The Lax-Friedrichs method in one-dimensional hemodynamics

TL;DR

This paper explores the application of the Lax-Friedrichs method to one-dimensional blood flow models, simplifying boundary condition implementation and enabling flexible coupling in vascular network simulations.

Contribution

It introduces a relaxation-based derivation of the scheme, extends it to second order, and demonstrates its effectiveness through numerical experiments.

Findings

The scheme is consistent and convergent.

Coupling conditions can be implemented without eigenstructure knowledge.

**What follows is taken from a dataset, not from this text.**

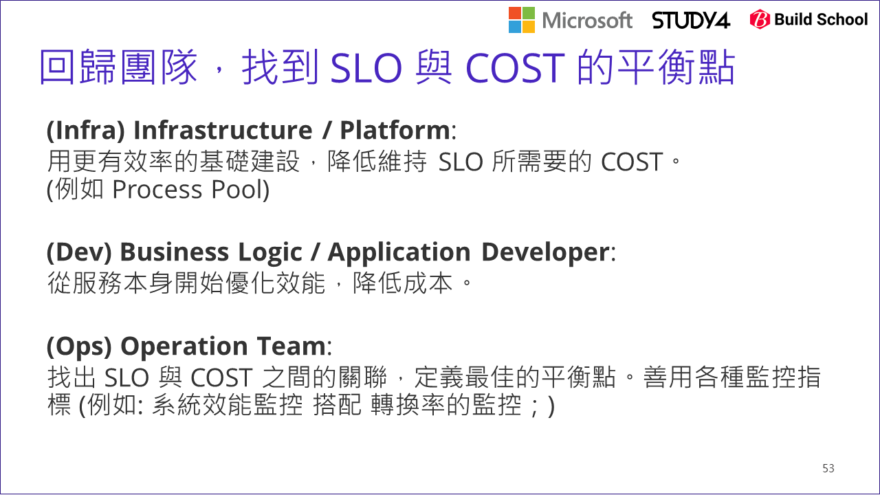 - 過去多著重在開發實務,系統越趨成熟維運的重要性也會逐漸提升,以服務目標與結果來推導過程的思維,非常受用

Second order MUSCL extension improves accuracy.

Abstract

The discretization of reduced one-dimensional hyperbolic models of blood flow using the Lax-Friedrichs method is discussed. Employing the well-established central scheme in this domain significantly simplifies the implementation of specific boundary and coupling conditions in vascular networks accounting e.g. for a periodic heart beat, vascular occlusions, stented vessel segments and bifurcations. In particular, the coupling of system extensions modeling patient specific geometries and therapies can be realized without information on the eigenstructure of the models. For the derivation of the scheme and the coupling conditions a relaxation of the model is considered and its discrete relaxation limit evaluated. Moreover, a second order MUSCL-type extensions of the scheme is introduced. Numerical experiments in uncoupled and coupled cases that verify the consistency and convergence of the approach are presented.